(Stored items from a collection)

+++

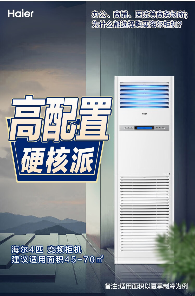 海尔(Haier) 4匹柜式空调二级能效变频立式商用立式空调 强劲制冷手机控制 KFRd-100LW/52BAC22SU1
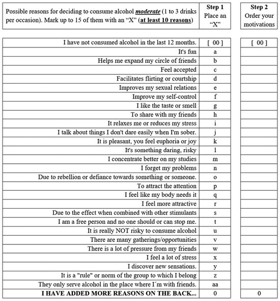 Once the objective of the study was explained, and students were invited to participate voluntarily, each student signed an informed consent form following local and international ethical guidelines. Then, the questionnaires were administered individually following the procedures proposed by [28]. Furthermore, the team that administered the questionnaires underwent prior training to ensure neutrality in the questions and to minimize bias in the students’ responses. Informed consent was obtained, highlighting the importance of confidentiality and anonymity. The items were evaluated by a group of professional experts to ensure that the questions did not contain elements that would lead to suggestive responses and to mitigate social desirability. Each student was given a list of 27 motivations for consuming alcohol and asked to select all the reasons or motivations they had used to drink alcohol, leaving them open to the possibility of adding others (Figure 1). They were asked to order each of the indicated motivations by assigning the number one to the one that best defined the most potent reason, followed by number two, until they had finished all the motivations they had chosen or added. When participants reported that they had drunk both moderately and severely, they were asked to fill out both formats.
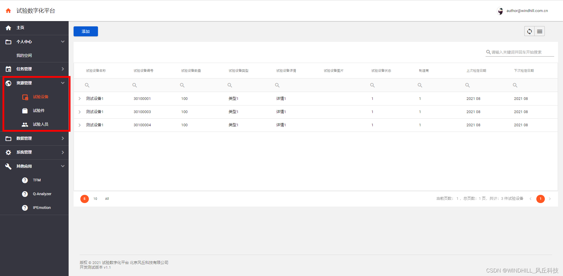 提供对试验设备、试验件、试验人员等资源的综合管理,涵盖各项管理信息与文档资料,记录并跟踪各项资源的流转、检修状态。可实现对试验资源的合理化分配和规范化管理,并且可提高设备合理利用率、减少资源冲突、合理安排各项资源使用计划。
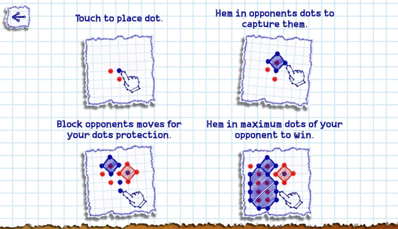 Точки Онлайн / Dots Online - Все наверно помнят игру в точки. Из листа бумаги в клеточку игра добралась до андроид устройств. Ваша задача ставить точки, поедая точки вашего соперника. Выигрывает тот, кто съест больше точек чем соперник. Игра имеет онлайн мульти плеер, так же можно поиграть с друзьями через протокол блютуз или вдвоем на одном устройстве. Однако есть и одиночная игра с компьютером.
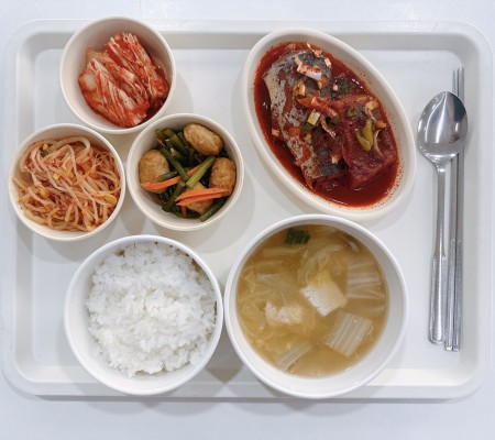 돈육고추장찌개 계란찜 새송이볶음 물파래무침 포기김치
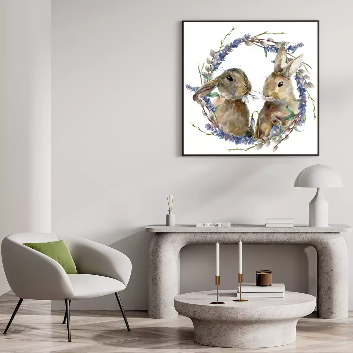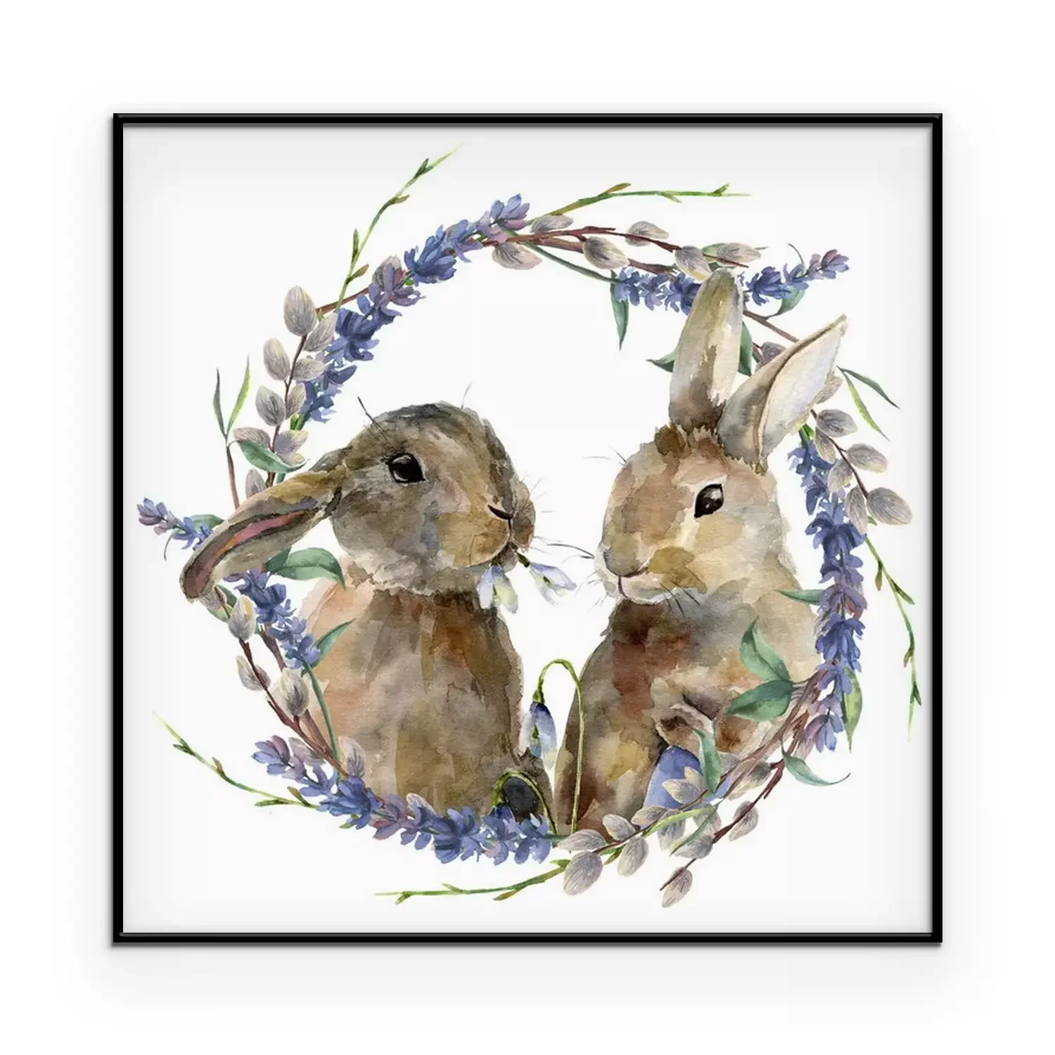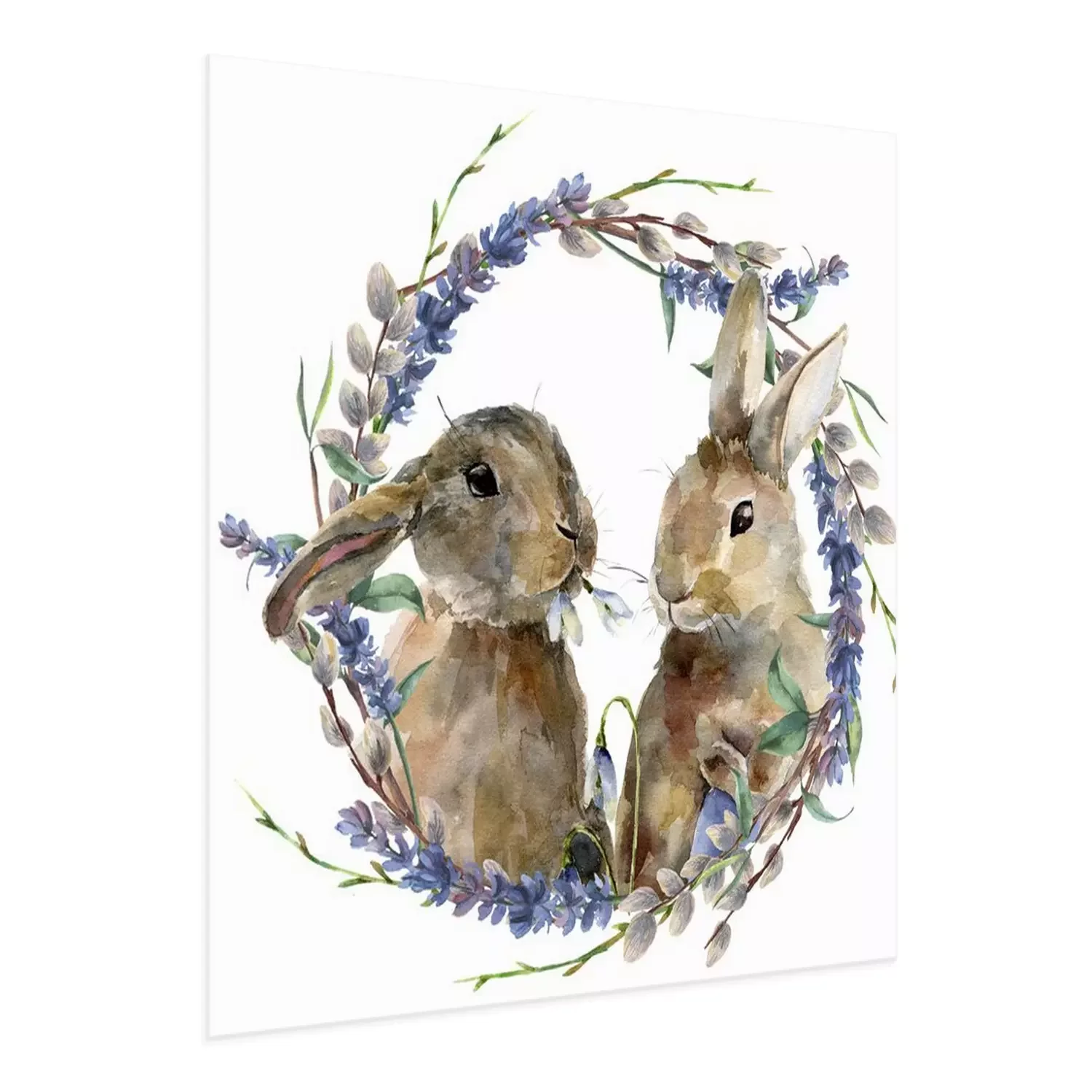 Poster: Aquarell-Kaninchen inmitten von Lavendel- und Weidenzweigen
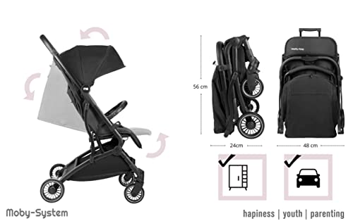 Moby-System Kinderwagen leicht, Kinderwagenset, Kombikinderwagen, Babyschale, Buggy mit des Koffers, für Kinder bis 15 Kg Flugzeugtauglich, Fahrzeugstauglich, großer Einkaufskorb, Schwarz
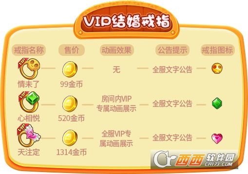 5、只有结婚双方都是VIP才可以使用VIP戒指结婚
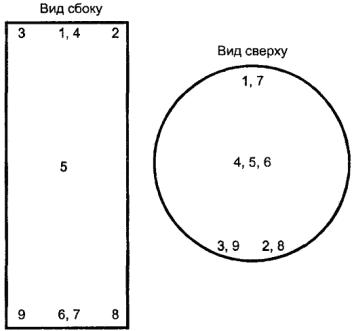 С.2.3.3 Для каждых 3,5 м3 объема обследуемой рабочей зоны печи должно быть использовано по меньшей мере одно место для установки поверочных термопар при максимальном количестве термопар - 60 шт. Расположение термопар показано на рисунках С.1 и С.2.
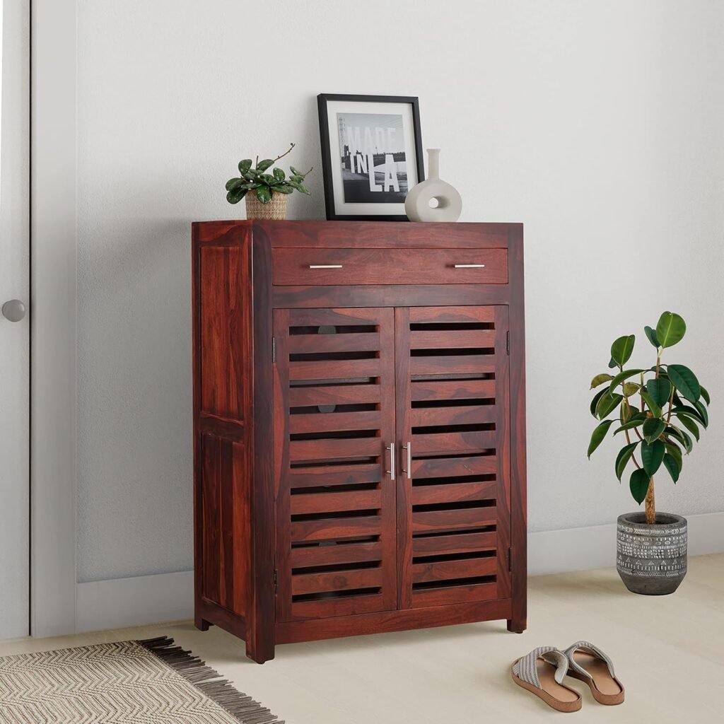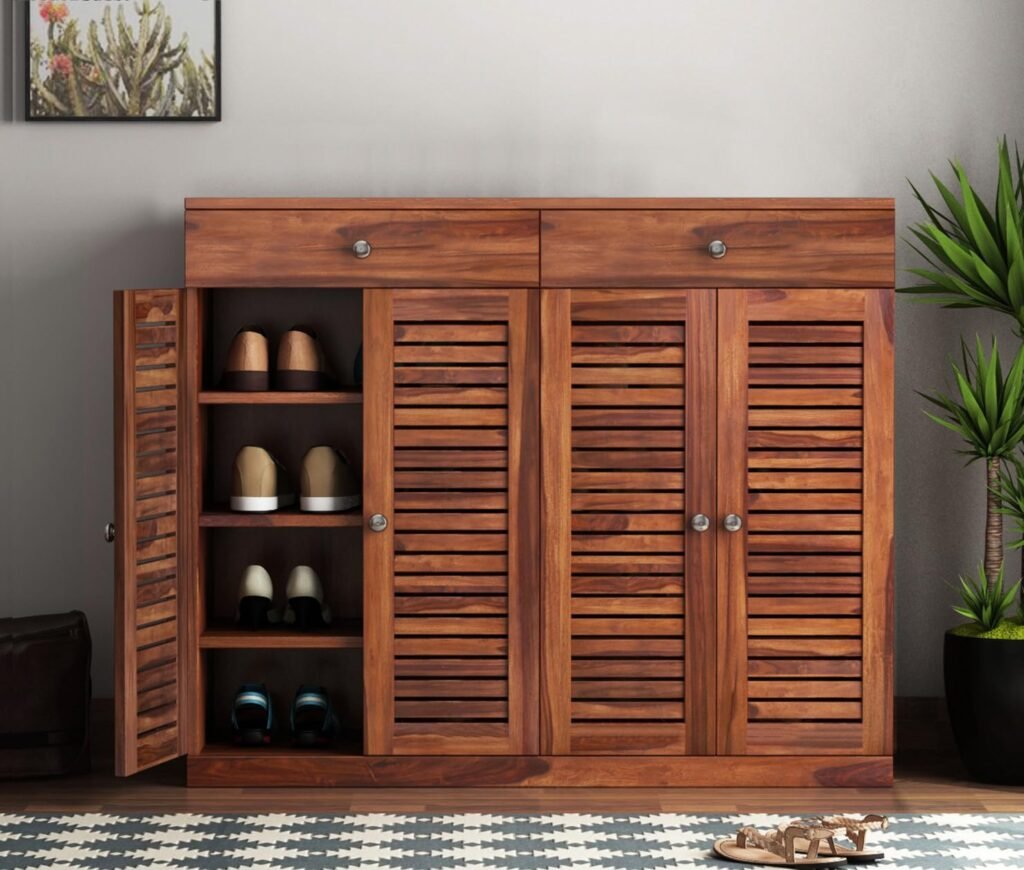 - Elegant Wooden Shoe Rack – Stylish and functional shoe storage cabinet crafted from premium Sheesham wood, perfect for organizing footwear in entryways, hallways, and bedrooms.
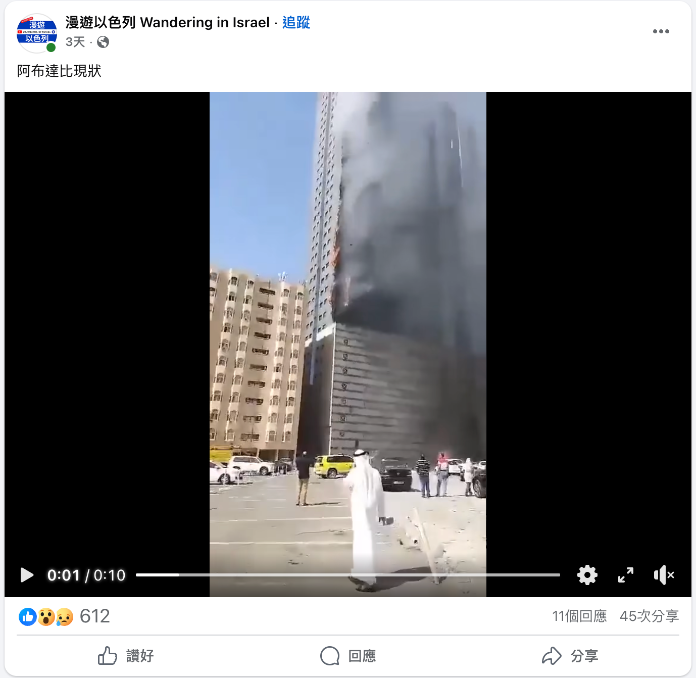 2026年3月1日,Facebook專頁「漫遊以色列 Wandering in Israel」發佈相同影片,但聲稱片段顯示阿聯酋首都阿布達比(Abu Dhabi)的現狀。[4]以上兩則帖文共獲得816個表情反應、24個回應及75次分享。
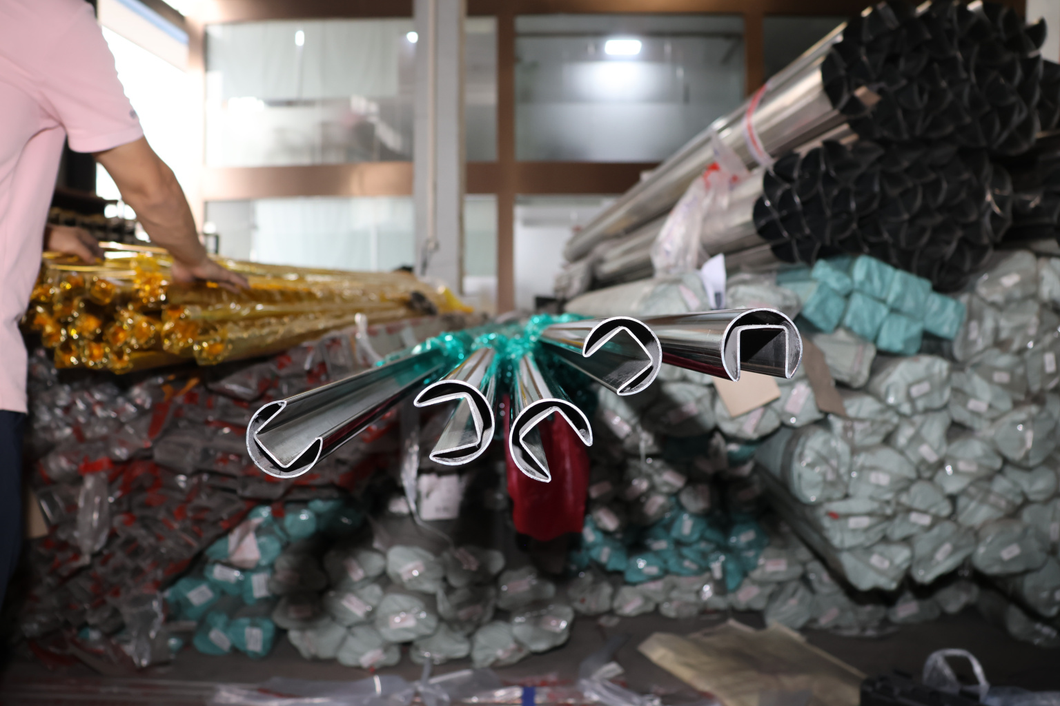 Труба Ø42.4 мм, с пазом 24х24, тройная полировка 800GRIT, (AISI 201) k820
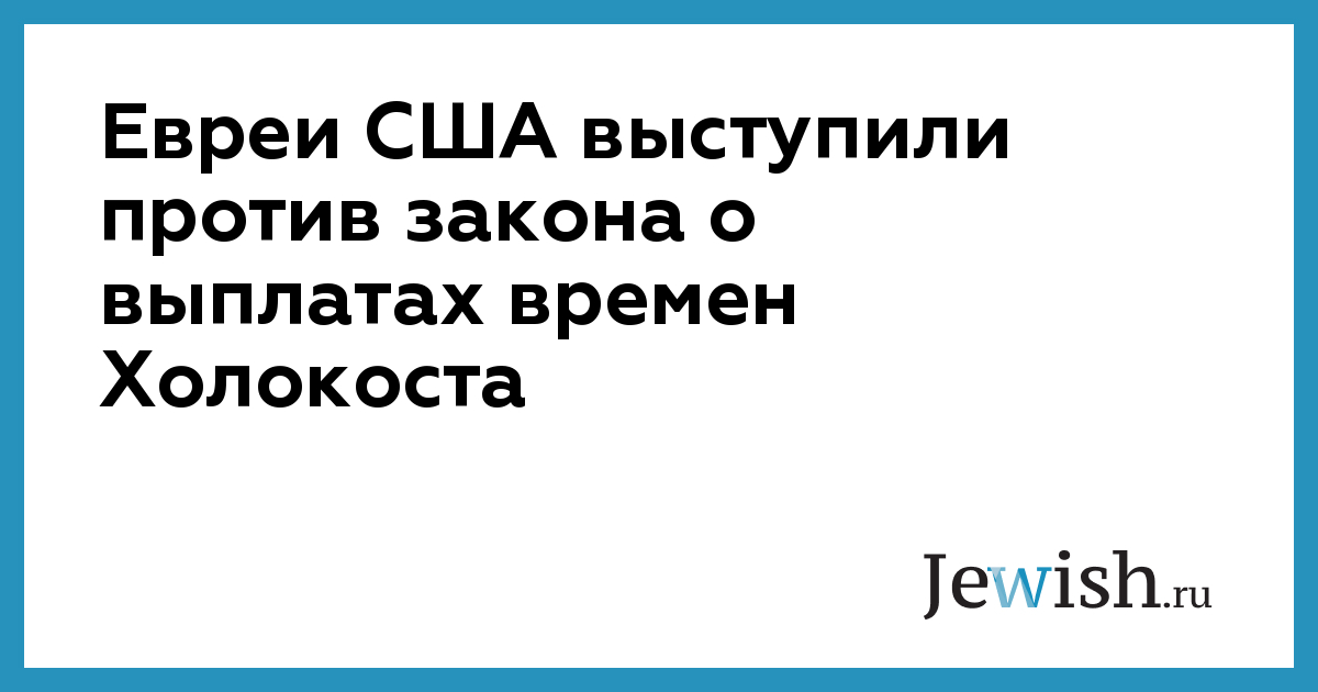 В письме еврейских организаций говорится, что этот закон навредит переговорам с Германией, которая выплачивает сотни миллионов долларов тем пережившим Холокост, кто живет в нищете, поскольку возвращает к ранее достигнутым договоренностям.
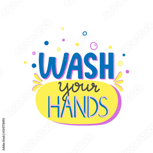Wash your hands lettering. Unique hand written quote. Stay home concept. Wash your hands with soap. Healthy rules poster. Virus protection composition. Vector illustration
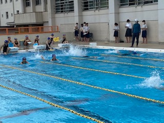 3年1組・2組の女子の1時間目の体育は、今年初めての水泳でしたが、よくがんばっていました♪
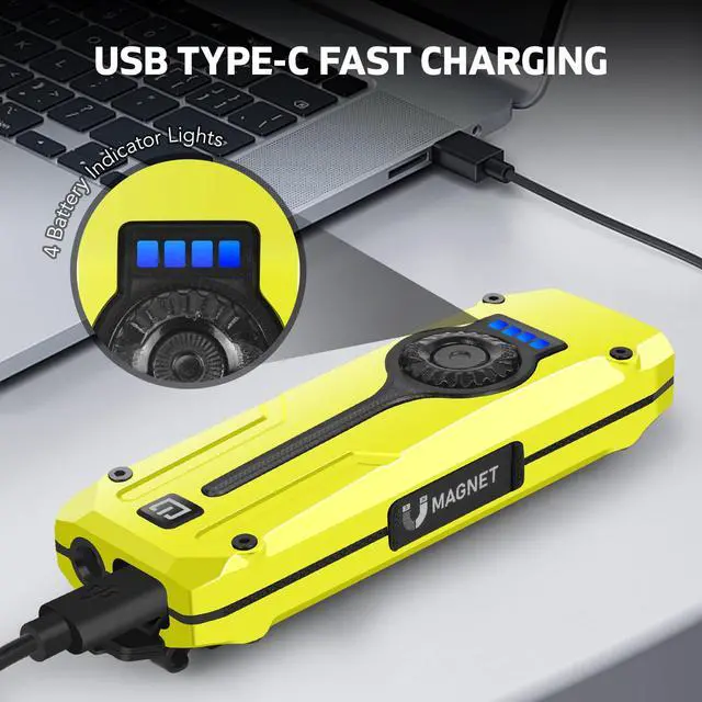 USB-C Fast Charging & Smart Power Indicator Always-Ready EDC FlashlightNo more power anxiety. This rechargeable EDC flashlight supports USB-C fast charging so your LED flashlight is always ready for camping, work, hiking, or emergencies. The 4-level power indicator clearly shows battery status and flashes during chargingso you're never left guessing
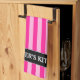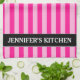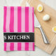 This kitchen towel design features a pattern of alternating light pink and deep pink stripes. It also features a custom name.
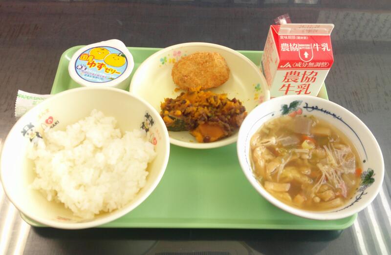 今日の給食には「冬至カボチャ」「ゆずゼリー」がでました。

+++

--- Required action ---
Could you repeat, exactly, only the lines above starting at the one that has "Wash your hands lettering." and stopping after the one that has "3年1組・2組の女子の1時間", without the pictures?

--- Reply to the exercise ---
Wash your hands lettering. Unique hand written quote. Stay home concept. Wash your hands with soap. Healthy rules poster. Virus protection composition. Vector illustration
 3年1組・2組の女子の1時間目の体育は、今年初めての水泳でしたが、よくがんばっていました♪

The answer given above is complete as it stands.